### Exercise
Return the data below exactly, but only from the line containing "Tham gia hội" through the line containing "и мышечных тканей.", with both of those lines included.

### Recorded data
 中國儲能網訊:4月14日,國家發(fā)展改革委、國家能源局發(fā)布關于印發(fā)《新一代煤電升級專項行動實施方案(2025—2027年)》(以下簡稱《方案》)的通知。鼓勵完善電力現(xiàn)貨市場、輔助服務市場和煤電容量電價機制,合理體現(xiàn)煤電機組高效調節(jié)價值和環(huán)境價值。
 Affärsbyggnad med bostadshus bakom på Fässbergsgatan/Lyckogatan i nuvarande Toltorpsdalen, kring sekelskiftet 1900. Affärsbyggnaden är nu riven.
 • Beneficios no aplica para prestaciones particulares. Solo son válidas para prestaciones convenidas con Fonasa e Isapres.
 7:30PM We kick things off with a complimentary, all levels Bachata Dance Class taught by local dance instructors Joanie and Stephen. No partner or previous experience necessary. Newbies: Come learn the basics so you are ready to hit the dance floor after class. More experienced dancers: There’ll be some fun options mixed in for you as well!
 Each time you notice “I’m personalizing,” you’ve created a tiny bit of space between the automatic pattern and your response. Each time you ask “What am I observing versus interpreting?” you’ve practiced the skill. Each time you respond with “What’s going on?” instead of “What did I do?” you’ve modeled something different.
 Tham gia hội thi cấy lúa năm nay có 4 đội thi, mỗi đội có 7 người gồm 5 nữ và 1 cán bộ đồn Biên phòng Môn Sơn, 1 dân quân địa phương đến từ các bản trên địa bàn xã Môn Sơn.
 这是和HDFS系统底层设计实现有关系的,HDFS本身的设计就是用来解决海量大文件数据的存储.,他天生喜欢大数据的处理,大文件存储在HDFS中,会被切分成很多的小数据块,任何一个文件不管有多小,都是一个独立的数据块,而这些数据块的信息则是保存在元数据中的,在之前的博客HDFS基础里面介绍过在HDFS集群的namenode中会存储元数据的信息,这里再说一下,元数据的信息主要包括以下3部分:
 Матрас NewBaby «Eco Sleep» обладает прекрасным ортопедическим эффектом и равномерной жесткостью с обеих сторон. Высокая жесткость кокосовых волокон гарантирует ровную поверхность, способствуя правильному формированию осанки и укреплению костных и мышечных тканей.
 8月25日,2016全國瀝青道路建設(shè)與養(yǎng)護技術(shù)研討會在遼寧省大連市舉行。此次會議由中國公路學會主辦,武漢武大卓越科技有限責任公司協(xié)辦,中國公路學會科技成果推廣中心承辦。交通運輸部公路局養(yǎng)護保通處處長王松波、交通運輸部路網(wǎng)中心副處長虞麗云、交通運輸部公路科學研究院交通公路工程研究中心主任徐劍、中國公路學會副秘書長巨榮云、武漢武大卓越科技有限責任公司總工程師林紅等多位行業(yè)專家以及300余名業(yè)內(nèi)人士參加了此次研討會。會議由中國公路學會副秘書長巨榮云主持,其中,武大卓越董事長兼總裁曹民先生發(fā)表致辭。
---
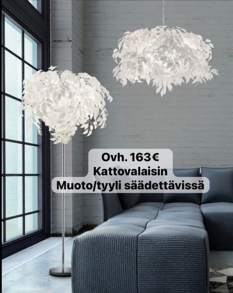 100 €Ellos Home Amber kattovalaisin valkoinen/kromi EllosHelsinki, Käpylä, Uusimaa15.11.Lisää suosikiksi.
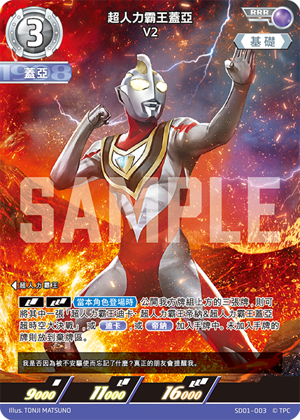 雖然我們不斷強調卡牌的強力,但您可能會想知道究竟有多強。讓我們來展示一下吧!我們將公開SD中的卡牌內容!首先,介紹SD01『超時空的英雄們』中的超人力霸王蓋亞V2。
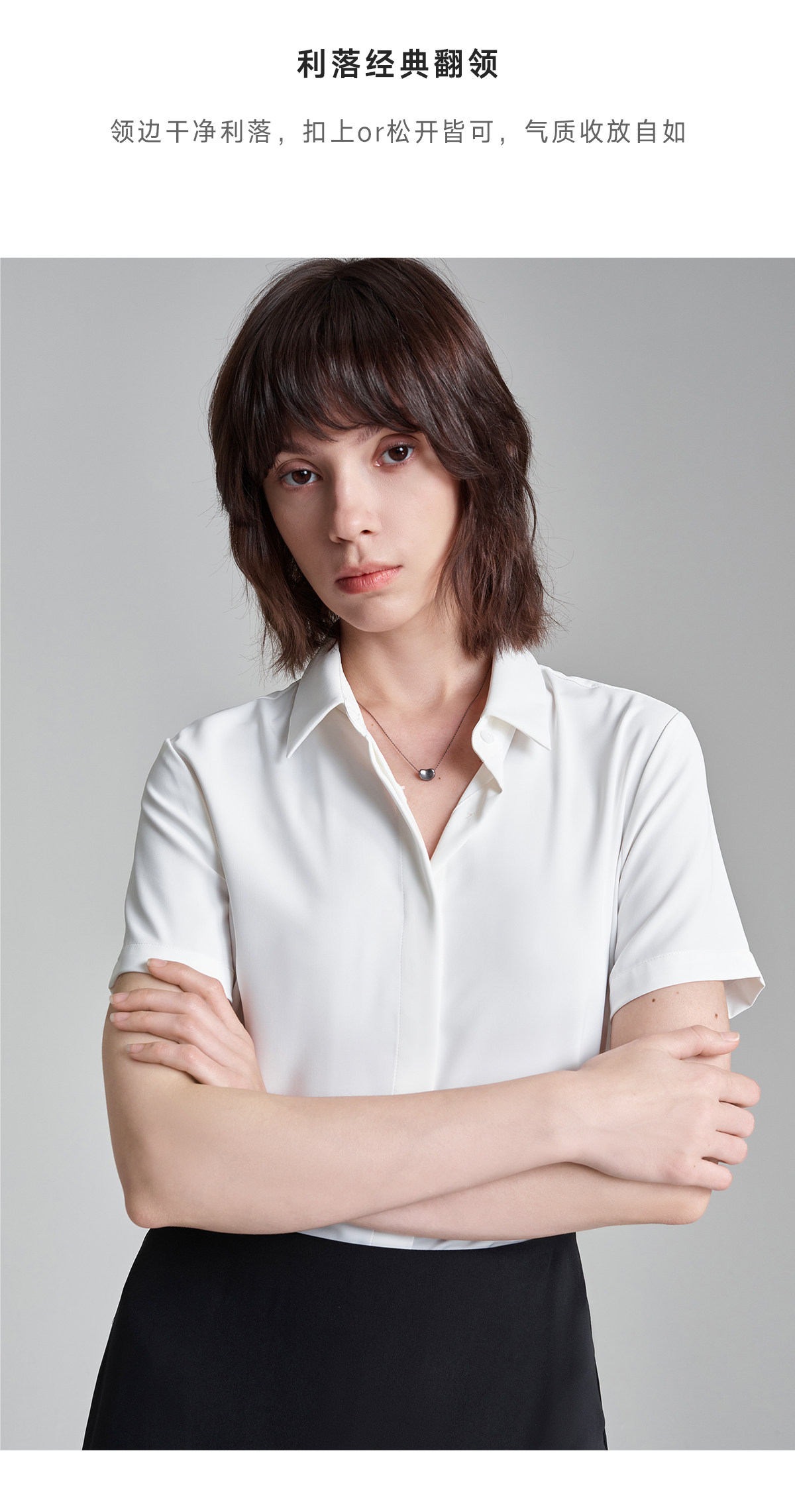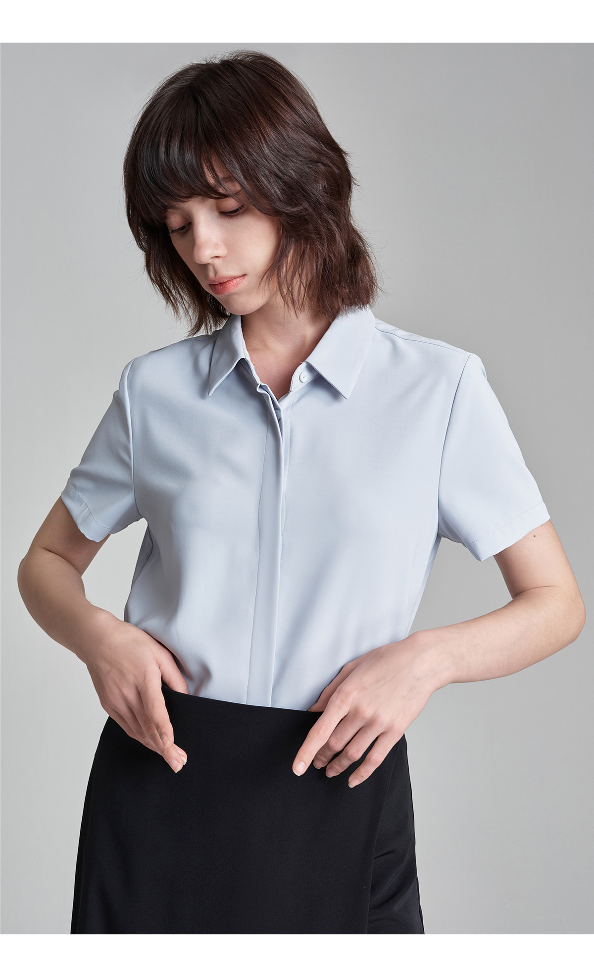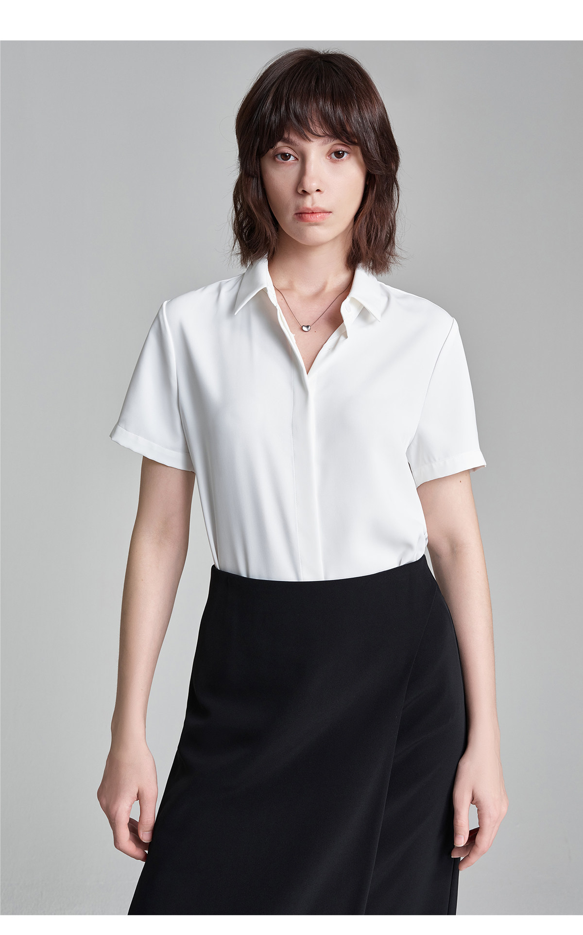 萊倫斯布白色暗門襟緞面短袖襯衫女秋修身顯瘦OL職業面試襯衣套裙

### Solution below
 Tham gia hội thi cấy lúa năm nay có 4 đội thi, mỗi đội có 7 người gồm 5 nữ và 1 cán bộ đồn Biên phòng Môn Sơn, 1 dân quân địa phương đến từ các bản trên địa bàn xã Môn Sơn.
 这是和HDFS系统底层设计实现有关系的,HDFS本身的设计就是用来解决海量大文件数据的存储.,他天生喜欢大数据的处理,大文件存储在HDFS中,会被切分成很多的小数据块,任何一个文件不管有多小,都是一个独立的数据块,而这些数据块的信息则是保存在元数据中的,在之前的博客HDFS基础里面介绍过在HDFS集群的namenode中会存储元数据的信息,这里再说一下,元数据的信息主要包括以下3部分:
 Матрас NewBaby «Eco Sleep» обладает прекрасным ортопедическим эффектом и равномерной жесткостью с обеих сторон. Высокая жесткость кокосовых волокон гарантирует ровную поверхность, способствуя правильному формированию осанки и укреплению костных и мышечных тканей.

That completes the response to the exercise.